The problem: A faithful copy of the data is the goal; set it down exactly, without the images.

(Collected data entries)
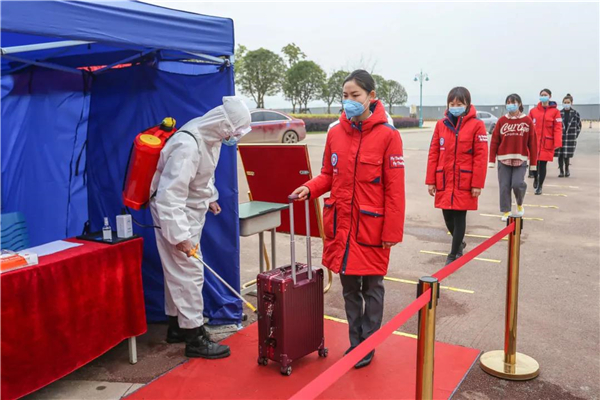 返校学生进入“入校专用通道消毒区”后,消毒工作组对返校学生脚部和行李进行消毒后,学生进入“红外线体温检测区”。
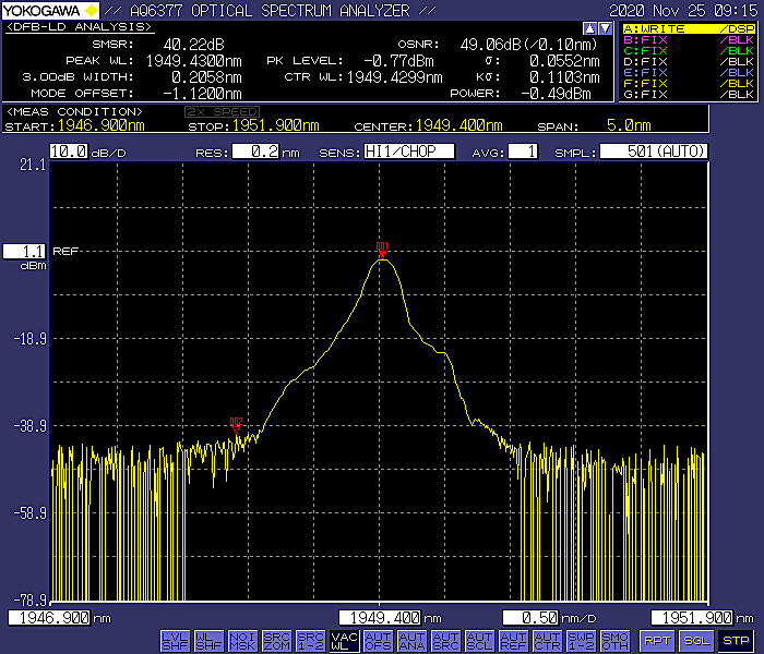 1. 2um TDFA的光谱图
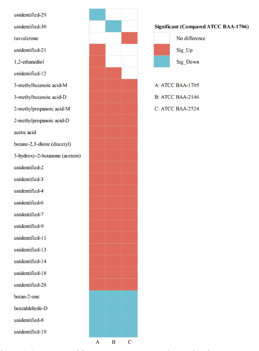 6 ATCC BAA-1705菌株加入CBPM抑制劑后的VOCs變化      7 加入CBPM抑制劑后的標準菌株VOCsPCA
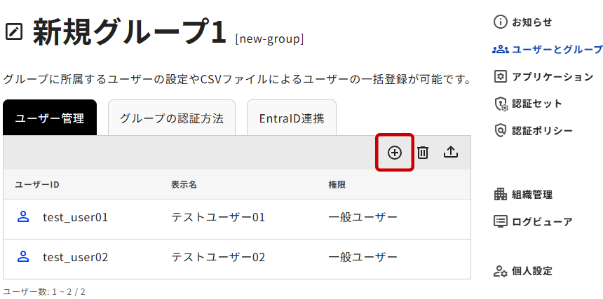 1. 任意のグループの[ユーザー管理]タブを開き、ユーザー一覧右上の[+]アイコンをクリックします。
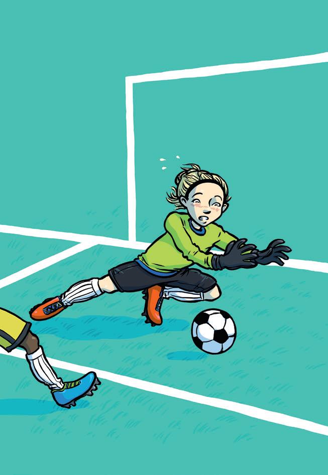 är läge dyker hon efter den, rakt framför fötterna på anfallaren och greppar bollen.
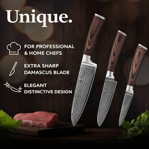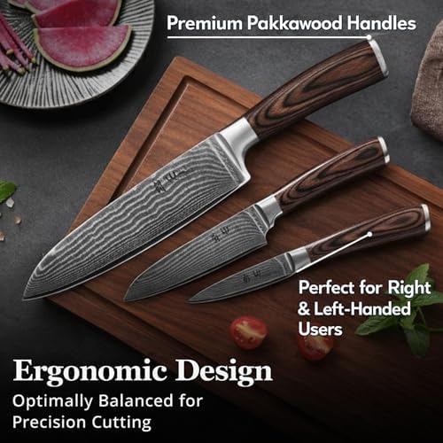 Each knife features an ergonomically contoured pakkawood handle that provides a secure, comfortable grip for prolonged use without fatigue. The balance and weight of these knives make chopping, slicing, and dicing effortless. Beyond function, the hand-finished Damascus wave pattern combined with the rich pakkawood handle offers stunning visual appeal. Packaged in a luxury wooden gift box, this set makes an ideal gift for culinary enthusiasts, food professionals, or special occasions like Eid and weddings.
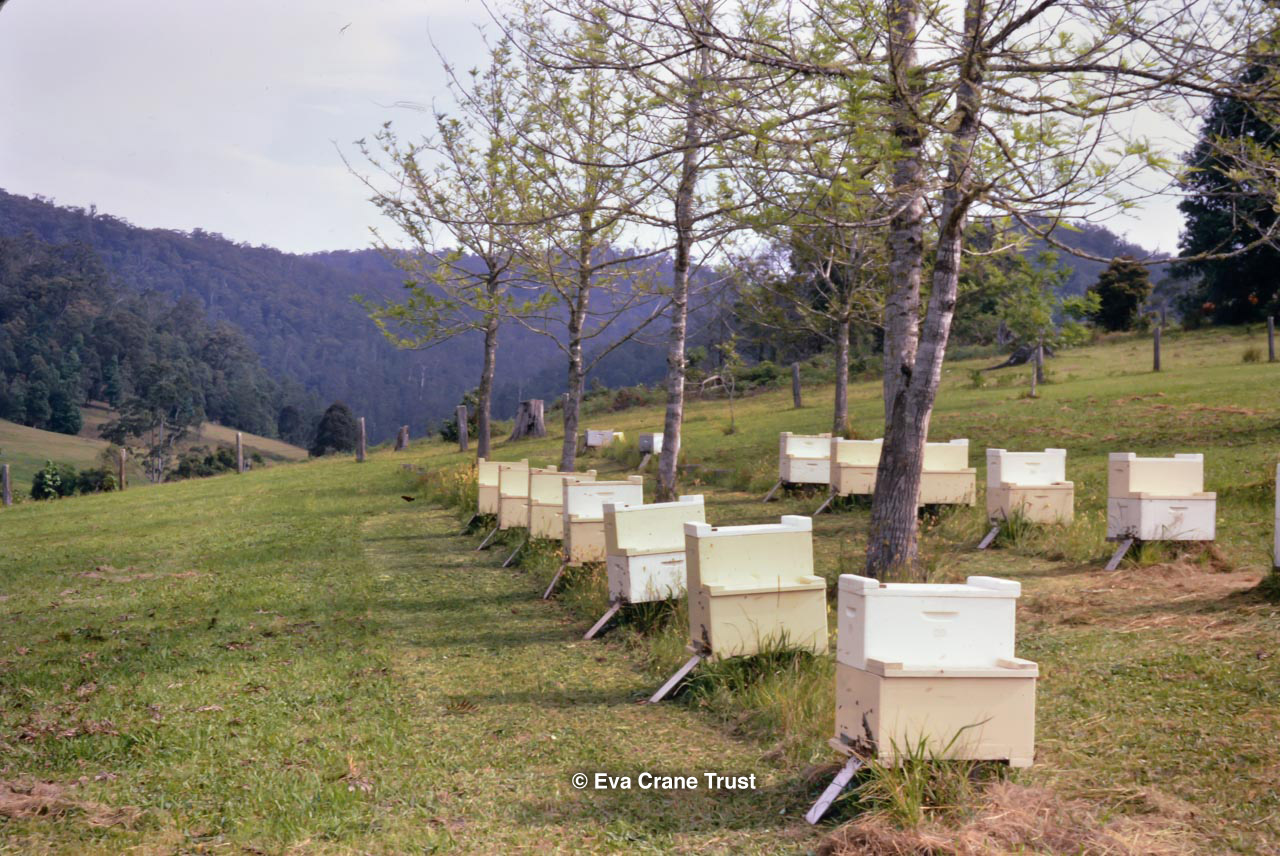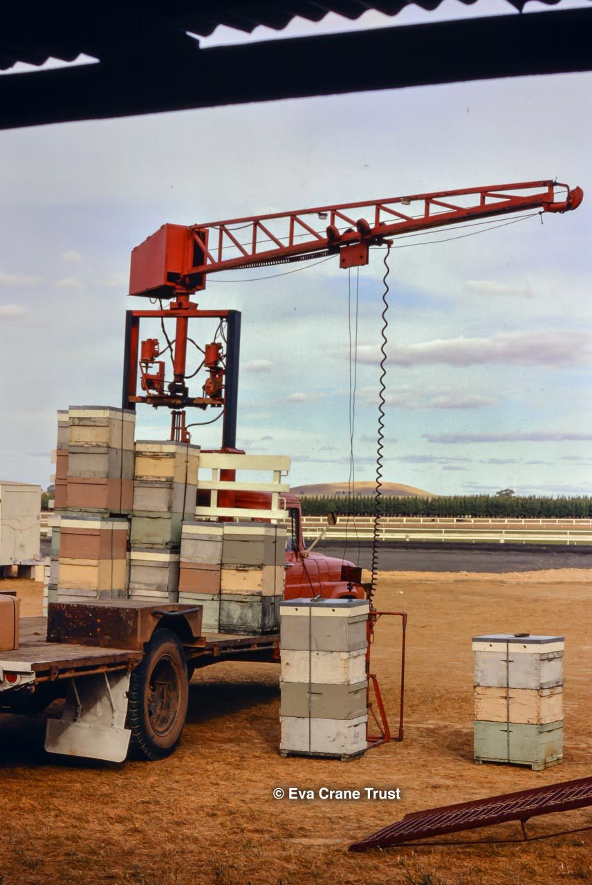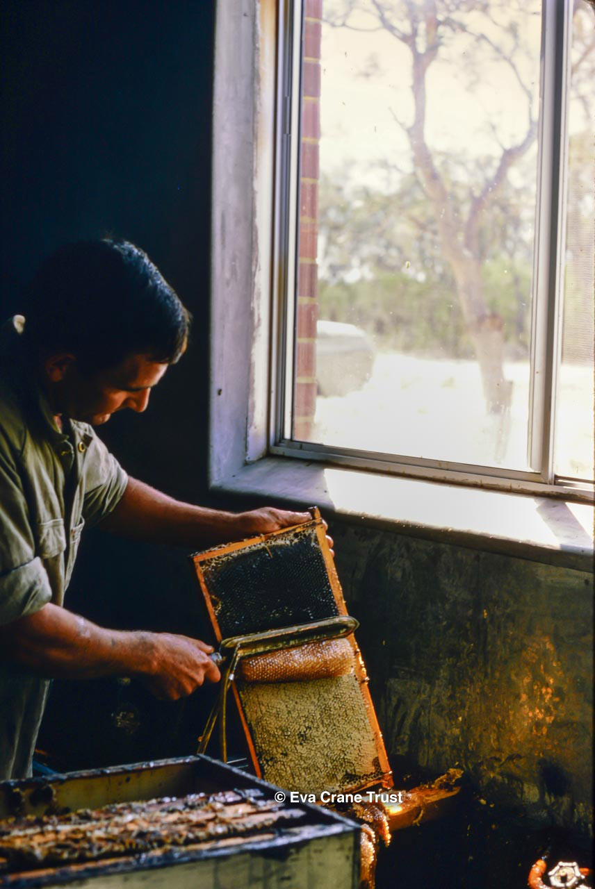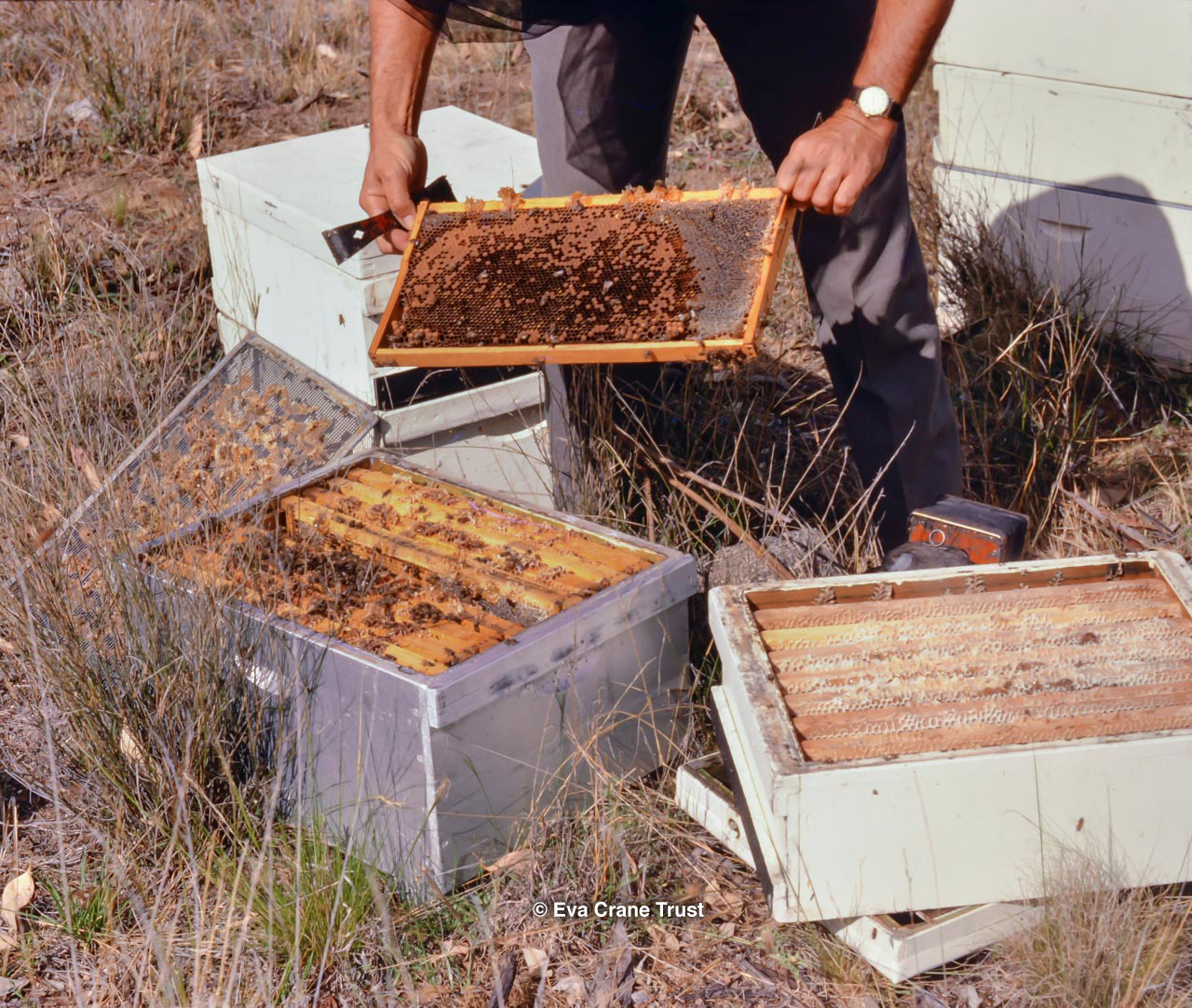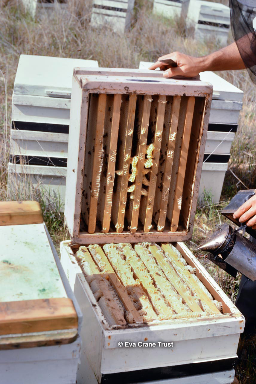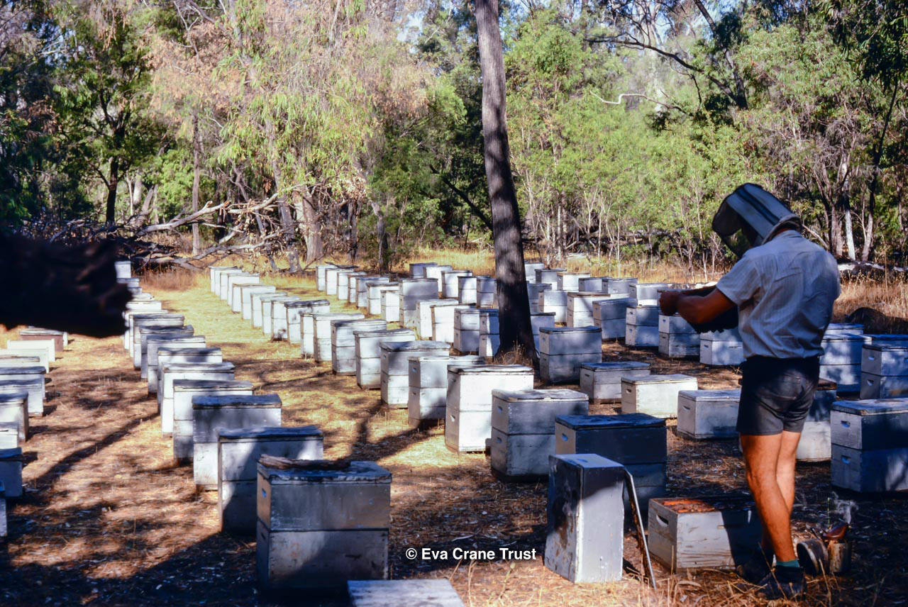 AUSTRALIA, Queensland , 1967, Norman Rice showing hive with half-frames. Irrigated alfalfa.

Exercise response:
 返校学生进入“入校专用通道消毒区”后,消毒工作组对返校学生脚部和行李进行消毒后,学生进入“红外线体温检测区”。
 1. 2um TDFA的光谱图
 6 ATCC BAA-1705菌株加入CBPM抑制劑后的VOCs變化      7 加入CBPM抑制劑后的標準菌株VOCsPCA
 1. 任意のグループの[ユーザー管理]タブを開き、ユーザー一覧右上の[+]アイコンをクリックします。
 är läge dyker hon efter den, rakt framför fötterna på anfallaren och greppar bollen.
 Each knife features an ergonomically contoured pakkawood handle that provides a secure, comfortable grip for prolonged use without fatigue. The balance and weight of these knives make chopping, slicing, and dicing effortless. Beyond function, the hand-finished Damascus wave pattern combined with the rich pakkawood handle offers stunning visual appeal. Packaged in a luxury wooden gift box, this set makes an ideal gift for culinary enthusiasts, food professionals, or special occasions like Eid and weddings.
 AUSTRALIA, Queensland , 1967, Norman Rice showing hive with half-frames. Irrigated alfalfa.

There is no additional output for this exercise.